** EXERCISE INSTRUCTIONS **
Only one stretch of the data below is wanted: the lines starting at the one with "He told KLTV: ‘I" and ending at the one with "Dimanche | Fermé |", both included, given again exactly.

** SUPPLIED DATA **
========

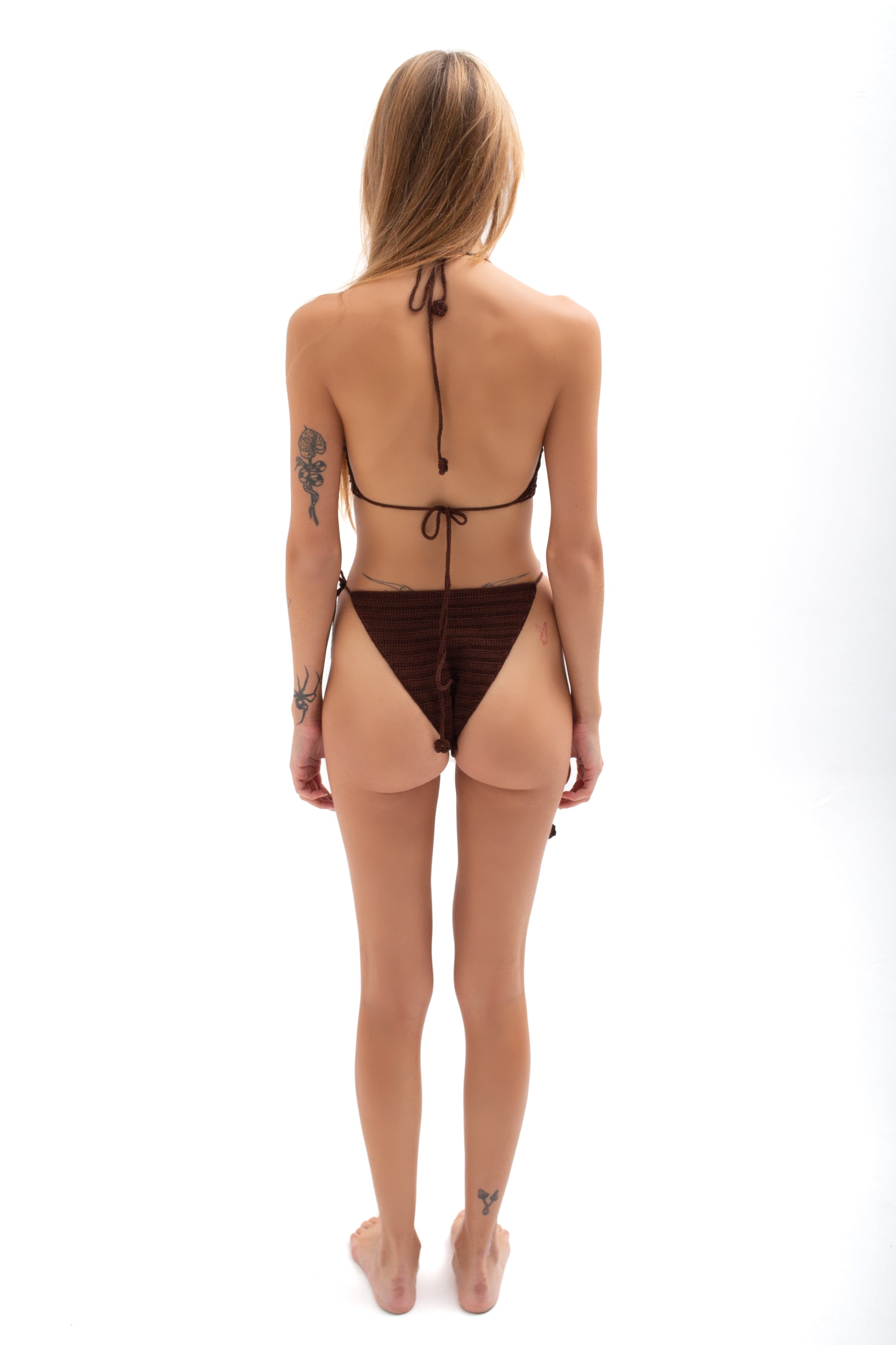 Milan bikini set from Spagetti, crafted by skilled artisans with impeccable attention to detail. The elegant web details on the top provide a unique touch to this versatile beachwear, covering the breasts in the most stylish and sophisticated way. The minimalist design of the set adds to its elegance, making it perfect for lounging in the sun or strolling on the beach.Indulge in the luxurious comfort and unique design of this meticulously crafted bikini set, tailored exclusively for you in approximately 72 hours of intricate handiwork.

========

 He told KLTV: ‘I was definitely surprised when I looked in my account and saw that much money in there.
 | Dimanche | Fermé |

========

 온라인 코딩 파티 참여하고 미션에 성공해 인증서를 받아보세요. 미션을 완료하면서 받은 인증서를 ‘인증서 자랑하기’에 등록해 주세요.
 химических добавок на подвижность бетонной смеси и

========

** WRITTEN ANSWER **
 He told KLTV: ‘I was definitely surprised when I looked in my account and saw that much money in there.
 | Dimanche | Fermé |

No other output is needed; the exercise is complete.